The answer is D, and I can only suspect that there is a typographical error in option B, and there is no negative sign in parentheses: F'(x) <=0 is incorrect.

B Answer: A monotonically increasing function whose derivative is greater than or equal to 0 at any position. So B is false, D answers: f(x) monotonically increasing -f(x) should be symmetrically monotonically decreasing with f(x)x-axis The greater the value of x, the smaller -x is, so it also increases monotonically, but its derivatives are all small< = 0.

Actually, -f(-x) should be the origin (0, 0) transformation of f(x), so it should be said.

The stem can only show that f(x) is monotonically increasing and the x-axis is continuous.

If the image is only in the quadrant, option b doesn't work.

The derivative at any point is "0", not "0, so b is wrong.

Because f(x) is a monotonically increasing function, f'(x) is greater than or equal to 0, and b just treats the whole -x as x, which should be like this.
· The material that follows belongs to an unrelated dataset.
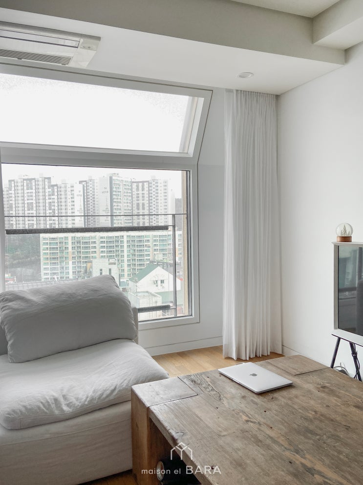 화이트 인테리어의 정석 / 약수 준아트빌 홈 스타일링 / 한남동 고급 빌라 펜트 하우스 인테리어 / 100% 암막 커튼, 허니콤 블라인드 / 지붕창 천장 커튼 시공 / 메종엘바라

You can't use an equal sign, an equal sign, when there is x1 is not equal to x2, there is always f(x1)=f(x2).

f(-x) is a monotonically decreasing function, so how can the derivative be zero, only the constant function derivative is zero, b should be f'(-x)<0

b is not monotonically decreasing in the strict sense of the word, there are extremums, whereas f(-x) is a monotonic function.

The derivative of this function will not be equal to 0, silly boy.
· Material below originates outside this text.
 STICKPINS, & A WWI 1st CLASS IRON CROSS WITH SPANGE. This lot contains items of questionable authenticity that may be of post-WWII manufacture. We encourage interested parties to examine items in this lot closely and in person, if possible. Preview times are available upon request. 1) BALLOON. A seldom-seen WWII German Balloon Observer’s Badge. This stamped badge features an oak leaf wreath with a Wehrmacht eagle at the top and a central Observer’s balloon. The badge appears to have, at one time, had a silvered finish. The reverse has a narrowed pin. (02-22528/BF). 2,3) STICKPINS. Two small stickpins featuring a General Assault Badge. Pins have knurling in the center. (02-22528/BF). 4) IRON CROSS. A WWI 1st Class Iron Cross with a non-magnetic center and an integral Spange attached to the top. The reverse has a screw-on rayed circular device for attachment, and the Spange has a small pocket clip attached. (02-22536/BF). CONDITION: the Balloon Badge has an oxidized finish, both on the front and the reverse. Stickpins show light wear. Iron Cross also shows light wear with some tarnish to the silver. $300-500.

Forehead? Is it wrong to determine B? It seems that B is right, the title is wrong, right?

This question is by definition.

This question is answered using definitions. g(x) is a primitive function of f(x), which is solved using this property I wrote. f(x) is integrable in the interval, so g(x) is continuous in the interval, so there is no discontinuity.
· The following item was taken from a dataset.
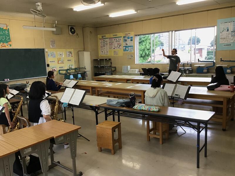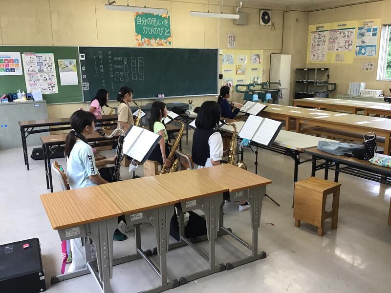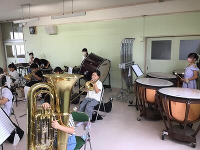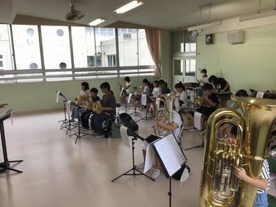 音楽室では、吹奏楽部が練習をしています。

The reason is that your integration result is wrong, you give a primitive function, ignoring the +c part of the indefinite integral, because of the existence of the +c part, the piecewise functional number ends up continuous, in fact, g(1)=f(x) on (0,1) integral, is 2 3, and on the g+ side, he is equal to f(x) on (0,1+), and the +c part must adjust the function so that g+=2 3

So in the second function g(x)=x 2 6-x 3 +5 6, you are missing this 5 6

1 This is all a matter of understanding the definition, which is actually two sets, one is m straight line and the other is n = circle. They are different types, and when they intersect, they are naturally 0. Empty set!

Is the set the area of the circle, the piece, or the circumference? Are elements points? If the circle is infinite, because the intersecting segments are line segments, and there are infinitely many points on the line segments, if it is a circumference, then the intersection points are two.

Do empty sets count as intersections?

What is A?

m=2 + 3

then 2+1<2 + 3<2+2

That is: choose B out of 3, the answer is wrong.

Representing typical figures, it is easy to verify that BC is wrong.

Take -1 2 and -1 3 to prove that option b is wrong.

Take -1 10 and -1 100 to prove that option C is wrong.